While infrastructure to operate government-run power units is lacking, alternatives are also becoming useless because amperes are too expensive for people to buy.

The area’s residents stopped subscribing to the vast generators’ services, which turned the ampere from a unit for the measurement of power intensity, into a unit for consumer billing.

As the price of amperes rose to nearly 4000 Syrian Pounds (SYP=1.5 USD), people resorted to outdated means for lighting, including kerosene lamps. Amperes were replacing the absent government power services, that people get for barely an hour and a half a day.

Power, fuel, amperes

Ampere prices are defined in keeping with fuel prices, needed to operate power generators, Abu Ibrahim, an owner of such a generator in the Tariq al-Bab neighborhood, told Enab Baladi. One barrel of mazout/fuel oil contains 200 liters and costs 270,000 SYP (98 USD) when purchased at official outlets. Sometimes a barrel is sold for 240,000 SYP (87 USD). “There isn’t a standard price for mazout,” Abu Ibrahim added.

Generators are often operated from 4:30 pm to 11:30 pm, consuming nearly 120 liters of fuel. “We use the rest of the barrel’s contents the next day,” Abu Ibrahim said.

In Tariq al-Bab, an ampere is sold for 4,5000 SYP per week, accordingly many of the neighborhood’s residents unsubscribed; others cut their use of amperes from two to one to cope with the high prices, to which are added the extra fees of generator maintenance in case of malfunctions.

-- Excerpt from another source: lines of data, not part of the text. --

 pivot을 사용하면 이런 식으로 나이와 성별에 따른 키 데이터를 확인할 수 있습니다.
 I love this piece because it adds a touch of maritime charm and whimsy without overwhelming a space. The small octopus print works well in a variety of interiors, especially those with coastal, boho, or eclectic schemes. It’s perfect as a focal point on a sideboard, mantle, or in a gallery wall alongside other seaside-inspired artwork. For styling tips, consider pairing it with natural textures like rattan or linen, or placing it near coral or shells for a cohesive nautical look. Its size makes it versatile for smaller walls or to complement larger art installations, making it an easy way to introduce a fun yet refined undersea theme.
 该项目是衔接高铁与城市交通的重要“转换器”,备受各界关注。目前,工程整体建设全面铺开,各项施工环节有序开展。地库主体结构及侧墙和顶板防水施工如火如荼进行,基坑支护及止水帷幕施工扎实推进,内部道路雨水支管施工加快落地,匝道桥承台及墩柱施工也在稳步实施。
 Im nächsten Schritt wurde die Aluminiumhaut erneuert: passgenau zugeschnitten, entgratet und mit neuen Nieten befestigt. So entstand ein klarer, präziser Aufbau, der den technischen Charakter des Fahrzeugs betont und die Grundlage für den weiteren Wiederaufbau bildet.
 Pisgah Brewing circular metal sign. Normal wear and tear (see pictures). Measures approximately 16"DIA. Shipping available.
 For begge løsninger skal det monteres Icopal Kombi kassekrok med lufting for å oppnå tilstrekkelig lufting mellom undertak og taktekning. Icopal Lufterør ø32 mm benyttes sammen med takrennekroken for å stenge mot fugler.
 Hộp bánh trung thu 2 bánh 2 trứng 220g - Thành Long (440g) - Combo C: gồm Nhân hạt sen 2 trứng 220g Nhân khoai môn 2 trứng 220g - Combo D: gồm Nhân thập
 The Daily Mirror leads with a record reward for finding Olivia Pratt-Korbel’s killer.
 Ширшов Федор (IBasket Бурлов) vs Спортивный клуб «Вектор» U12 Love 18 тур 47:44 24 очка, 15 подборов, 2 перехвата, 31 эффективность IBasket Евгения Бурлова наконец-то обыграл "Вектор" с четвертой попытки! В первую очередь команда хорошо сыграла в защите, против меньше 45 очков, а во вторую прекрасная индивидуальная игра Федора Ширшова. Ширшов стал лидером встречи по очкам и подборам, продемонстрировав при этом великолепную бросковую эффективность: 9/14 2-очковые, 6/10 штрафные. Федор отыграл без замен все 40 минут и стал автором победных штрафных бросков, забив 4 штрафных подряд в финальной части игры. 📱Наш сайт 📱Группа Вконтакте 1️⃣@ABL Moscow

The price of amperes differs from one generator owner to the other even within the same neighborhood, Mahmoud said, a resident of Tariq al-Bab neighborhood. Some owners offer the services of their generators for 5000 SYP per ampere; others do it for 4000 SYP.

Since it took over the area, the regime government repeatedly promised residents that it will soon resume providing power services. The power towers were restored, but the electrical wiring has not been done yet.

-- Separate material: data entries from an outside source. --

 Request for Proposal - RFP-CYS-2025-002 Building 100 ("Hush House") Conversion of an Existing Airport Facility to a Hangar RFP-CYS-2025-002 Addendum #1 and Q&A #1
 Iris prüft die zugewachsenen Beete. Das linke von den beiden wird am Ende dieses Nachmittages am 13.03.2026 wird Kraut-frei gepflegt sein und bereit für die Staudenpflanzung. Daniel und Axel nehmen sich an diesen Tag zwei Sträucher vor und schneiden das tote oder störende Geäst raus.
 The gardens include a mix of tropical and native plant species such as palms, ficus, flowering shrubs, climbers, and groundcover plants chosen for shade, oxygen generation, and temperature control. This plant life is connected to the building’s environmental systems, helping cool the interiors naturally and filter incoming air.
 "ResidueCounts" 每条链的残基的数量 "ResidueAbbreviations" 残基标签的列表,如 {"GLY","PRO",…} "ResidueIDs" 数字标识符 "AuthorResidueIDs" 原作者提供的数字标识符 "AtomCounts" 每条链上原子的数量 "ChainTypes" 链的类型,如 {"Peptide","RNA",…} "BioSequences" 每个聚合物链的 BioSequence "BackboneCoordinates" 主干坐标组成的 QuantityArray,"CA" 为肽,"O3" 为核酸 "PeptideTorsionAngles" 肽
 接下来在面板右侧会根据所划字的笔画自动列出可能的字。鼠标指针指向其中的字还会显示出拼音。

The government-run Aleppo Power Company rehabilitated power towers in the neighborhoods of al-Bab, al-Muyaser, and al-Jazmati, all located near the Aleppo International Airport.

At night, the neighborhood’s streets get abandoned, even though a few house owners who have subscribed to the generator services attempt to provide street lighting by keeping one bulb on. However, the light from the bulb is capable of keeping only a few meters lit.

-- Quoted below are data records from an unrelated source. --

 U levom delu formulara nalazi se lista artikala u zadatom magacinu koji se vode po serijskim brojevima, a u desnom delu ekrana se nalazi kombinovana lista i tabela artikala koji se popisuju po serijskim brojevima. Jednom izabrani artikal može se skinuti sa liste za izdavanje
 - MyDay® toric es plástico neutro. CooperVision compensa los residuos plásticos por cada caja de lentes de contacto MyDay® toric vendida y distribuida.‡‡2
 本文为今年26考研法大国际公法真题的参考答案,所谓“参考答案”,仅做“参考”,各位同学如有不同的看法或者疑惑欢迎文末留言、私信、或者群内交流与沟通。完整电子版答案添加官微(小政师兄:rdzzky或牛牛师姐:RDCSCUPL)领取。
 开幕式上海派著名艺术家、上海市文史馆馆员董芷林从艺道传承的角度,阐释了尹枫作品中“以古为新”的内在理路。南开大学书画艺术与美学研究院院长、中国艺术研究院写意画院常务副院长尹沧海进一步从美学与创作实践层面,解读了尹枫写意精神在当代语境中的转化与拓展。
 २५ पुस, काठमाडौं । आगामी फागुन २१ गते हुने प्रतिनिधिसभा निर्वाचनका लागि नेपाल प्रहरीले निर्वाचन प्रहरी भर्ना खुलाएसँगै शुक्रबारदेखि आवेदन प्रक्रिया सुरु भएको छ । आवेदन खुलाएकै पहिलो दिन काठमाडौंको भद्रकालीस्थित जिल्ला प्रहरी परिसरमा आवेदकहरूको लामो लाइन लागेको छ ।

The residents of eastern Aleppo have constantly appealed to authorities to regulate the prices of amperes, which are so far controlled by individual owners of power generators. Residents also demanded that the regime’s officials assigned monitoring the service report some of these owners because a standard price has not been set up or enforced in the market.

Extensive power cuts left people no other choice but subscribing to generator services, “which cost them beyond their income,” said Ahmad, a resident of al-Jazmati neighborhood, knowing that amperes can barely cover the residents’ basic needs of lighting and operating a TV.

These power cuts are attributed by regime officials to excessive pressure that is rendering power units out of service. Simultaneously, there is an eight-hour power rationing program, with people getting power for a maximum of 2 hours a day within the city’s western neighborhoods and downtown.